7. The method of claim 6, wherein the expression level of the vinculin protein is measured by using an antibody that specifically binds to the vinculin protein or a fragment thereof.

8. The method of claim 6, wherein the vinculin protein has an amino acid sequence of SEQ ID NO: 1.

9. The method of claim 6, wherein the biological sample is selected from blood, plasma, serum, an ophthalmic cell, ophthalmic tissue, and aqueous humor.

10. The method of claim 7, wherein the antibody is a polyclonal antibody or a monoclonal antibody.

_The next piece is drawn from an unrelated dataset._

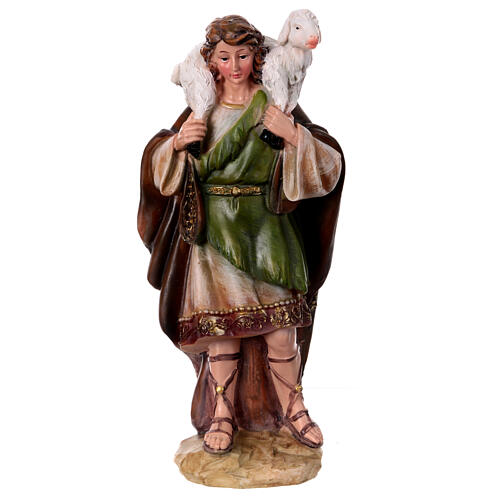 STOCK Berger avec mouton sur épaules pour crèche de 30 cm résine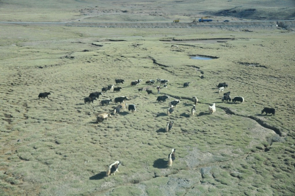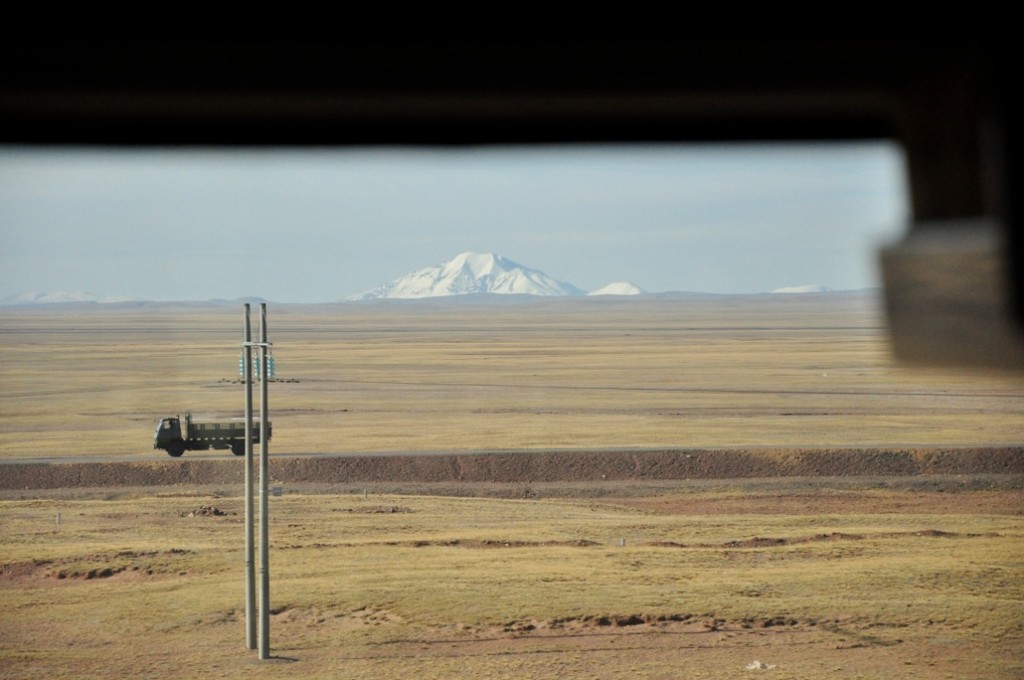 Het wordt ondertussen langzaam donker. We kunnen nog net de overgang zien van de groene toppen naar de besneeuwde bergen. We rijden over een soort grasbegroeide hoogvlakte zonder bomen en de sneeuw komt steeds dichterbij. En daarmee ook een spannende nacht voor Fenske. Morgen worden we wakker op “het dak van de wereld” zoals men dat noemt. Fantastisch mooi natuurlijk, maar Fenske vreest de hoge afgronden. Ik denk dat het allemaal wel mee zal vallen. We zijn immers al een paar zeer hoge afgronden gepasseerd en daar heeft ze zich vrij rustig bij gehouden. Deze tocht leidt ons over het hoogste spoortraject ter wereld. Op het hoogtepunt gaan er zelfs zuurstofkraantjes aan omdat het anders te heftig is voor veel mensen. Als het goed is komt er hiervoor speciaal een dokter aan boord. Ik ben heel benieuwd wat er nog voor toestanden gaan gebeuren tijdens deze rit.

11. The method of claim 6, wherein an increase in the expression level of the vinculin protein in the biological sample obtained from the individual, compared to the expression level of the vinculin protein in the control sample, indicates that the individual has age-related macular degeneration.

12. A method of screening a material for treating age-related macular degeneration, the method comprising:

contacting a cell containing a vinculin protein with a test material; and

measuring an expression level of the vinculin protein in the cell to identify whether the expression is suppressed.

13. The method of claim 12, wherein the vinculin protein has an amino acid sequence of SEQ ID NO: 1.